'''

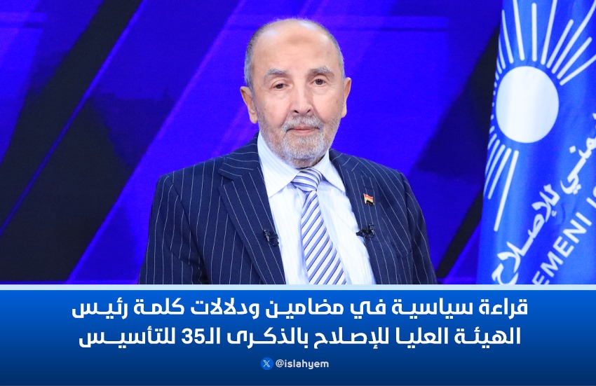 حمل خطاب رئيس الهيئة العليا للتجمع اليمني للإصلاح، بمناسبة ذكرى التأسيس الخامسة والثلاثين، مضامين ورسائل عديدة باتجاه الأطراف والمكونات في الداخل اليمني والخارج الإقليمي والدولي. لم يقتصر الخطاب على البروتوكولية الاعتيادية في الاحتفاء بمثل هذه المناسبة التي تهتم في العادة بإعادة التعريف بالحزب وتقديم إيضاحات وتأكيدات لمواقفه من القضايا المختلفة فحسب؛ بل تعدى الخطاب ذلك ليمثل خارطة موضوعية وشجاعة، يمكننا أن نضعها داخل ثلاثة إطارات متكاملة، شملت تقييم الذات، وامتدت منه إلى تشخيص المشهد الراهن، وانتقلت به إلى تقديم رؤية إستراتيجية للمستقبل. وفي جميع هذه الأطر لم يحمل الخطاب شعارات نظرية عاطفية؛ بل قدم تصورات واقعية موضوعية، وهذه الأطر الثلاثة هي:
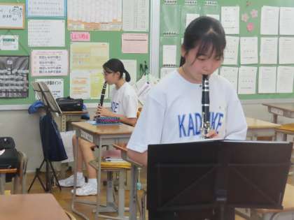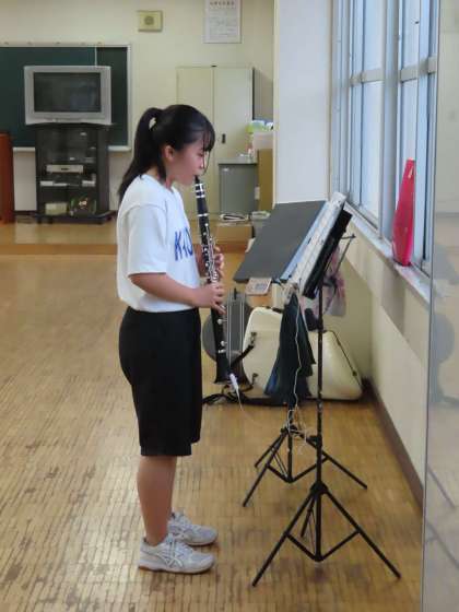 吹奏楽部はばらばらに分かれて練習しています。教室には数名しかいません。
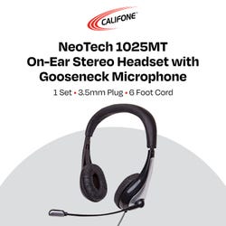 Califone NeoTech 1025MT On-Ear Stereo Headset with Gooseneck Microphone, 3.5mm Plug, Black/Silver
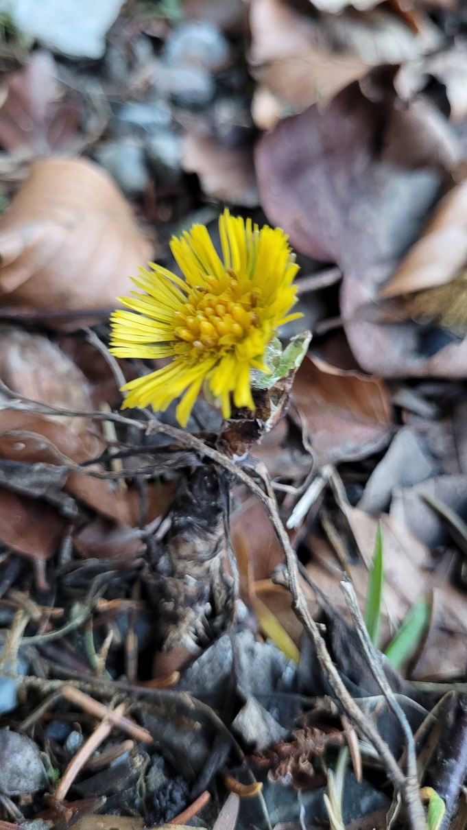 Alhaalla laaksossa oli vieläkin viileämpi, ehkä joesta hönkäävän kosteuden takia. Silti sen vierustalla oli maasta pukertanut joukko leskenlehtiä. Vuoden ensimmäiset.
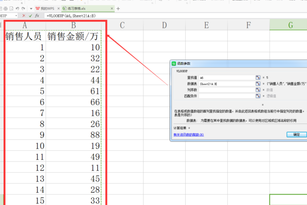 5、因为我们要查找销售人员5的销售额,所以在查找值中输入a6。
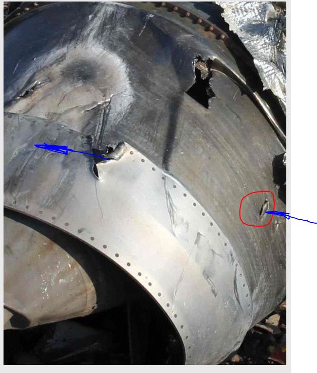 Все эти теории с двигом притянуты за уши. Двиг не может дать такое пламя, даже горящий. Если конечно в него не залетела ракета или её элемент и он не разрушился и при разрушении не пробил баки с топливом. Но это уже следствие, а не первопричина. Вот это фото. Одному мне кажется, что внизу входящее отверстие, его как бы упустили. А сфокусировались на выходящем. Хотя все эти теории не более чем информ пыль для отвлечения внимания от основной версии.
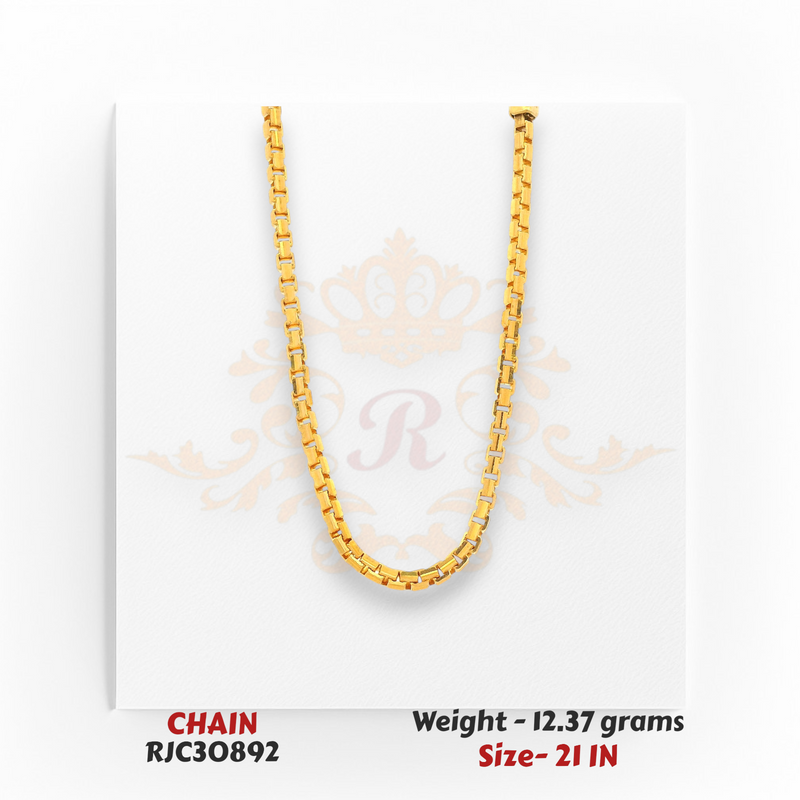 22kt Gold Unisex Chain – Classic Box Link Design – 12.37 gm, 21 in (RJC30892)
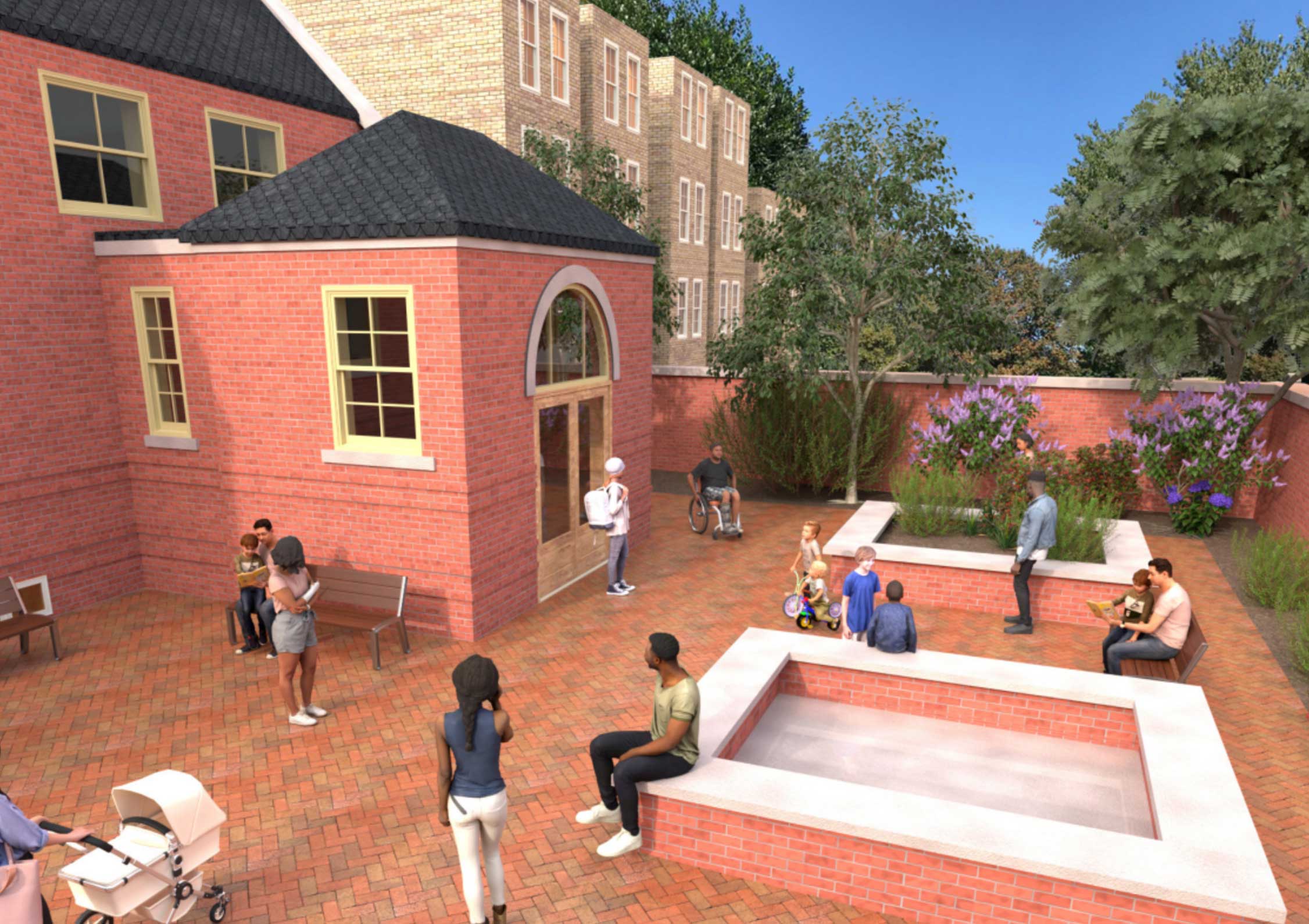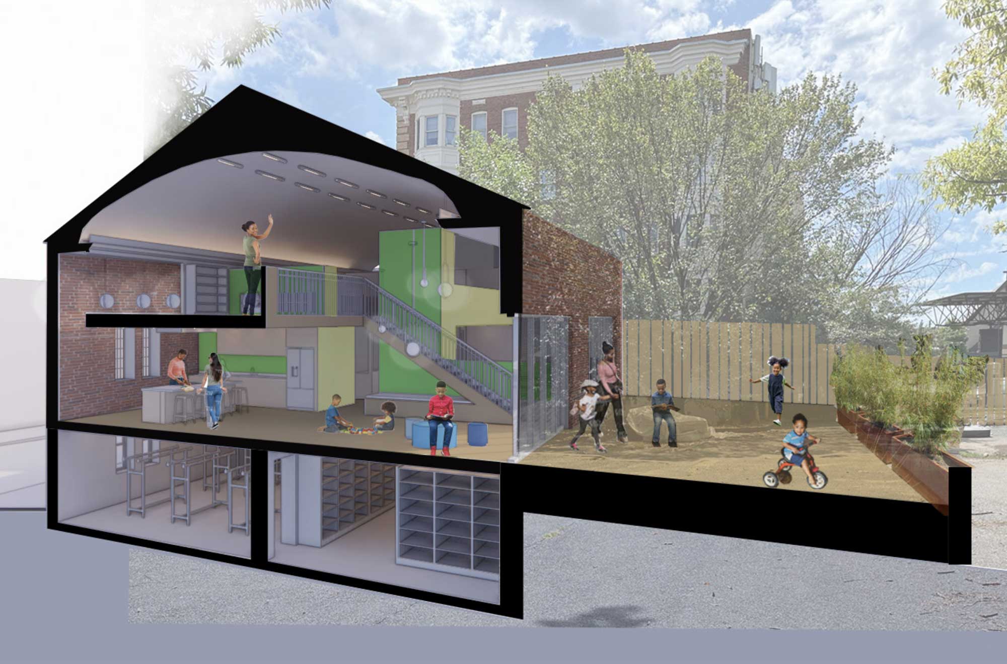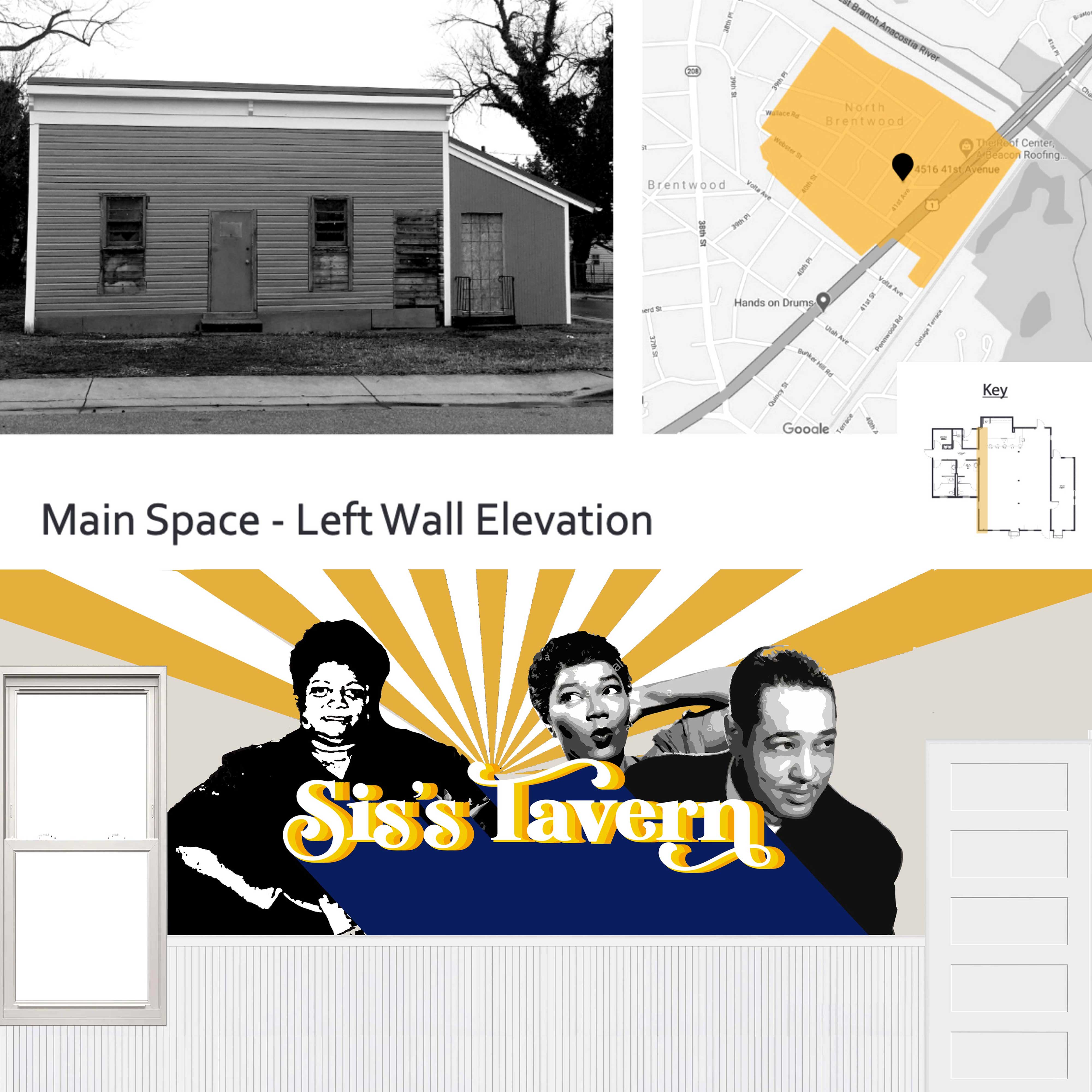 The Neighborhood Design Center provided interior design direction and project management support to help the Town of North Brentwood complete the project at Sis’s.
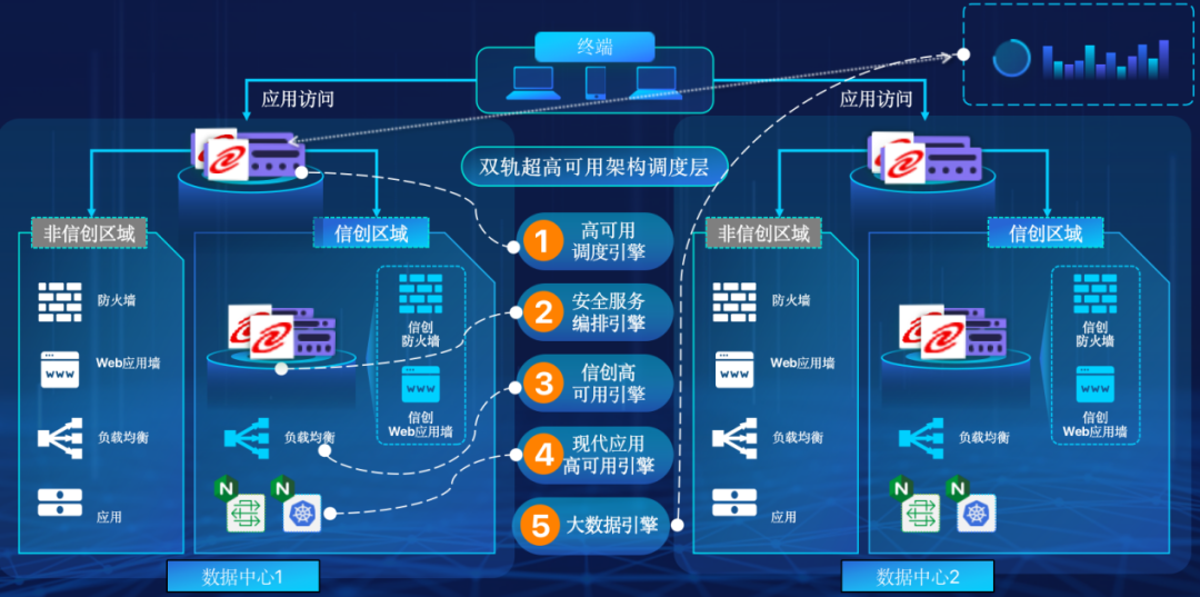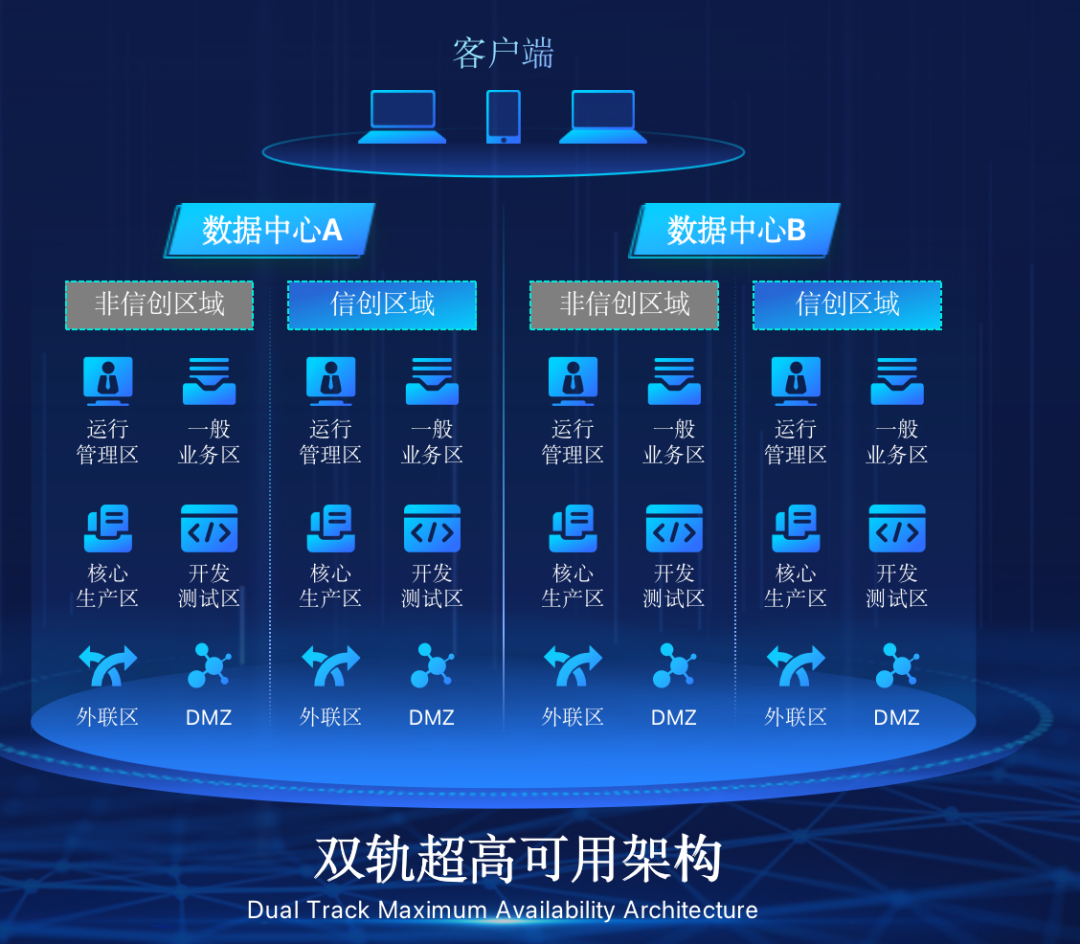 快盈在企业面临自主创新IT基础重构过程中,推出的全新架构双轨超高可用架构(简称DTMAA),在双活数据中心的分区调度基础上,添加每个数据中心内信创域和非信创域的分域调度,来实现分区分域协同的多活双轨超高可用。

'''

**Activity:** Exclude all pictures and reproduce verbatim the lines running from the line that contains "22kt Gold Unisex" to the end of the data above, both ends included.

**Answer section:**
 22kt Gold Unisex Chain – Classic Box Link Design – 12.37 gm, 21 in (RJC30892)
 The Neighborhood Design Center provided interior design direction and project management support to help the Town of North Brentwood complete the project at Sis’s.
 快盈在企业面临自主创新IT基础重构过程中,推出的全新架构双轨超高可用架构(简称DTMAA),在双活数据中心的分区调度基础上,添加每个数据中心内信创域和非信创域的分域调度,来实现分区分域协同的多活双轨超高可用。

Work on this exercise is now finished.